• En 1856, la comtesse de Castiglione fait une entrée spectaculaire au grand bal des Tuileries, vêtue de la plus audacieuse robe à crinoline qu'on n'ait jamais vue. Devenue la maîtresse de Napoléon III, l'intrigante Florentine va, pendant trois ans, faire et défaire la mode féminine au gré de ses caprices. Quelques années plus tard, le jeune officier de police Dragan Vladeski découvre sur un chantier le corps d'une femme égorgée ressemblant à la Castiglione, puis un autre, portant une robe identique à celle de la comtesse le soir de son triomphe. Une robe, aussi mythique soit-elle, peut-elle être la cause de meurtres en série ?
    Grâce à un admirable travail de reconstitution, Jean-Christophe Duchon-Doris nous offre un roman policier captivant, écrit dans une langue raffinée, doublé d'une somptueuse fresque sur les origines de la haute couture.

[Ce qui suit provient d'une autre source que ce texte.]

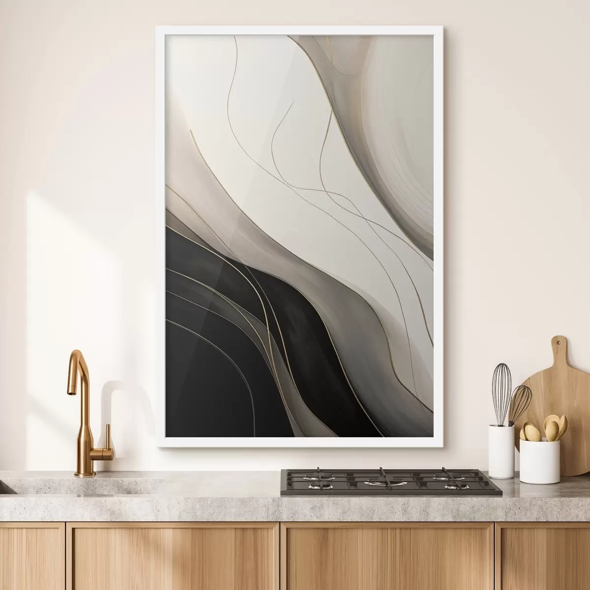 Poster Wellen in Schwarz und Beige mit feinen ockerfarbenen Linien f46541

  • À Marseille, il y avait trois amis d'enfance: Comtesse Cossaire, André et Karim. Comtesse et Karim étaient amoureux. Mais un jour on a retrouvé la jeune femme mystérieusement assassinée. Parce qu'il était arabe et pauvre, Karim était un suspect idéal et il a préféré s'enfuir plutôt que d'affronter une enquête où personne ne croirait à son innocence, et un procès perdu d'avance. M. Cossaire n'a pas accepté de voir l'assassin de sa fille échapper au châtiment et il a envoyé deux tueurs en Algérie pour l'égorger. C'était il y a douze ans. André s'est juré de venger l'assassinat de son meilleur ami...Avec beaucoup de détermination et de colère, il va passer sept ans de sa vie à étudier le droit et le code des impôts dans le seul but de pouvoir un jour détruire la vie de M. Cossaire par le biais d'un contrôle fiscal. En usant de tous les droits dont sont dotés les inspecteurs du fisc, il va littéralement massacrer cet homme, ruiner son entreprise et briser sa famille.Mais une troublante question subsiste: si Karim n'est pas coupable, qui a tué Comtesse ?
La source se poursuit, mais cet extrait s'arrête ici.